Любовь моя была красноречива: я успокоил милую, и все облака исчезли в ангельских очах ее.

Эльвира назначила день для нашего вечного соединения, предалась нежным чувствам своим, и я наслаждался небом! – Но гром собирался над нами… Рука моя трепещет!

Все радовалось в Эльвирином замке, все готовилось к брачному торжеству. Ее родственники любили меня – Андалузия долженствовала быть вторым моим отечеством!

Уже розы и лилии на олтаре благоухали, и я приближился к оному с прелестною Эльвирою, с восторгом в душе, с сладким трепетом в сердце, уже священник готовился утвердить союз наш своим благословением – как вдруг явился незнакомец, в черной одежде, с бледным лицом, с мрачным видом: кинжал блистал в руке его. «Вероломная! – сказал он Эльвире. – Ты клялась быть вечно моею и забыла свою клятву! Я клялся любить тебя до гроба: умираю… и люблю!..» Уже кровь лилась из его сердца, он вонзил кинжал в грудь свою и пал мертвый на помост храма.

Эльвира, как громом пораженная, в исступлении, в ужасе воскликнула: «Алонзо! Алонзо!..» – и лишилась памяти. – Все стояли неподвижно. Внезапность страшного явления изумила присутствующих.

Сей бледный незнакомец, сей грозный самоубийца был Алонзо. Корабль, на котором он плыл из Майорки, погиб, но алжирцы извлекли юношу из волн, чтобы оковать его цепями тяжкой неволи. Через год он получил свободу – летел к предмету любви своей, – услышал о замужестве Эльвирином и решился наказать ее… своею смертию.

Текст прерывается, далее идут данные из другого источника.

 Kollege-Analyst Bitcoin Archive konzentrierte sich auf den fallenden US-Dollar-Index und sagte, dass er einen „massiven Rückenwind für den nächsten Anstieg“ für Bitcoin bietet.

Я вынес Эльвиру из храма. Она пришла в себя, – но пламя любви навек угасло в очах и сердце ее. «Небо страшно наказало клятвопреступницу, – сказала мне Эльвира, – я убийца Алонзова! Кровь его палит меня. Удались от несчастной! Земля расступилась между нами, и тщетно будешь простирать ко мне руки свои! Бездна разделила нас навеки. Можешь только взорами своими растравлять неизлечимую рану моего сердца. Удались от несчастной!»

Моя горесть, мое отчаяние не могли тронуть ее – Эльвира погребла несчастного Алонза на том месте, где оплакивала некогда мнимую смерть его, и заключилась в строжайшем из женских монастырей. Увы! Она не хотела проститься со мною!.. Не хотела, чтобы я в последний раз обнял ее со всею горячностию любви и видел в глазах ее хотя одно сожаление о моей участи!

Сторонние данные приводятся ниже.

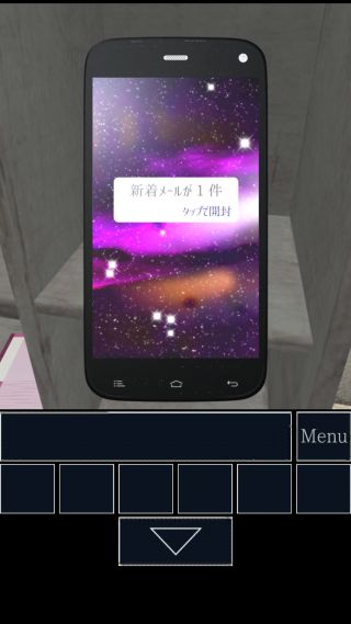 部屋の棚のスマートフォンを拡大。

Я был в исступлении – искал в себе чувствительного сердца, но сердце, подобно камню, лежало в груди моей – искал слез и не находил их – мертвое, страшное уединение окружало меня.

День и ночь слились для глаз моих в вечный сумрак. Долго не знал я ни сна, ни отдохновения, скитался по тем местам, где бывал вместе – с жестокою и несчастною; хотел найти следы, остатки, части моей Эльвиры, напечатления души ее… Но хлад и тьма везде меня встречали!

Иногда приближался я к уединенным стенам того монастыря, где заключилась неумолимая Эльвира: там грозные башни возвышались, железные запоры на вратах чернелись, вечное безмолвие обитало, и какой-то унылый голос вещал мне: «Для тебя уже нет Эльвиры!»

Наконец я удалился от Сиерры-Морены – оставил Андалузию, Гишпанию, Европу – видел печальные остатки древней Пальмиры, некогда славной и великолепной, – и там, опершись на развалины, внимал глубокой, красноречивой тишине, царствующей в сем запустении и одними громами прерываемой. Там, в объятиях меланхолии, сердце мое размягчилось – там слеза моя оросила сухое тление – там, помышляя о жизни и смерти народов, живо восчувствовал я суету всего подлунного и сказал самому себе: «Что есть жизнь человеческая? Что бытие наше? Один миг, и все исчезнет! Улыбка счастия и слезы бедствия покроются единою горстию черной земли!» – Сии мысли чудесным образом успокоили мою душу.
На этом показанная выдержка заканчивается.